* Task *
Give a verbatim copy of the lines below, minus the pictures.

* Information shown *

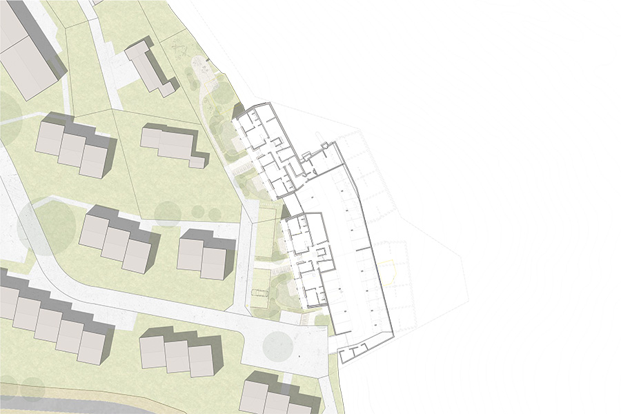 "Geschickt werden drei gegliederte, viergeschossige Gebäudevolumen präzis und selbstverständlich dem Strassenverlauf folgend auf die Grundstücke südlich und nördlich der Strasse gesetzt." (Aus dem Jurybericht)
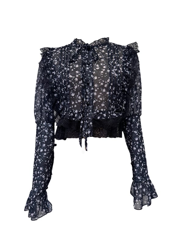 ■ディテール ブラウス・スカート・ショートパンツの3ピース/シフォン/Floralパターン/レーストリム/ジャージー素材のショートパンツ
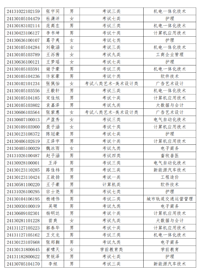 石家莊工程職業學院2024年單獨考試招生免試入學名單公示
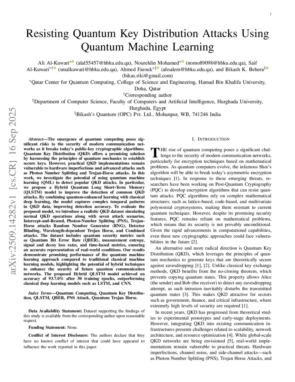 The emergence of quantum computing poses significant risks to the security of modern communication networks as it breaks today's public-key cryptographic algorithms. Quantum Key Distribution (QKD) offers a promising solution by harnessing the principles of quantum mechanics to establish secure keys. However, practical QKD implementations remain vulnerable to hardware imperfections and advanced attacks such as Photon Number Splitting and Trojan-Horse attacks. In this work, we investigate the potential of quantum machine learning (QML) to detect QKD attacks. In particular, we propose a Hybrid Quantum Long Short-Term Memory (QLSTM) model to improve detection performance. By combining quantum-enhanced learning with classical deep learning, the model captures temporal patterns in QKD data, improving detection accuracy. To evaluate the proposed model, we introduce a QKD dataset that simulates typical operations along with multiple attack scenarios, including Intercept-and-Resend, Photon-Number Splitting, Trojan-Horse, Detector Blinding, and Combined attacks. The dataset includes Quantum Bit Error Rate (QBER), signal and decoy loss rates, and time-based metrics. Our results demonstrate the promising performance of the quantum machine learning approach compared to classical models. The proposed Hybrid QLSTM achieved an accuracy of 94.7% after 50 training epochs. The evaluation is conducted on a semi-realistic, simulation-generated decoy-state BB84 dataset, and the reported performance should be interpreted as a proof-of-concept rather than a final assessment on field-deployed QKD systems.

* Answer to the exercise *
 "Geschickt werden drei gegliederte, viergeschossige Gebäudevolumen präzis und selbstverständlich dem Strassenverlauf folgend auf die Grundstücke südlich und nördlich der Strasse gesetzt." (Aus dem Jurybericht)
 ■ディテール ブラウス・スカート・ショートパンツの3ピース/シフォン/Floralパターン/レーストリム/ジャージー素材のショートパンツ
 石家莊工程職業學院2024年單獨考試招生免試入學名單公示
 The emergence of quantum computing poses significant risks to the security of modern communication networks as it breaks today's public-key cryptographic algorithms. Quantum Key Distribution (QKD) offers a promising solution by harnessing the principles of quantum mechanics to establish secure keys. However, practical QKD implementations remain vulnerable to hardware imperfections and advanced attacks such as Photon Number Splitting and Trojan-Horse attacks. In this work, we investigate the potential of quantum machine learning (QML) to detect QKD attacks. In particular, we propose a Hybrid Quantum Long Short-Term Memory (QLSTM) model to improve detection performance. By combining quantum-enhanced learning with classical deep learning, the model captures temporal patterns in QKD data, improving detection accuracy. To evaluate the proposed model, we introduce a QKD dataset that simulates typical operations along with multiple attack scenarios, including Intercept-and-Resend, Photon-Number Splitting, Trojan-Horse, Detector Blinding, and Combined attacks. The dataset includes Quantum Bit Error Rate (QBER), signal and decoy loss rates, and time-based metrics. Our results demonstrate the promising performance of the quantum machine learning approach compared to classical models. The proposed Hybrid QLSTM achieved an accuracy of 94.7% after 50 training epochs. The evaluation is conducted on a semi-realistic, simulation-generated decoy-state BB84 dataset, and the reported performance should be interpreted as a proof-of-concept rather than a final assessment on field-deployed QKD systems.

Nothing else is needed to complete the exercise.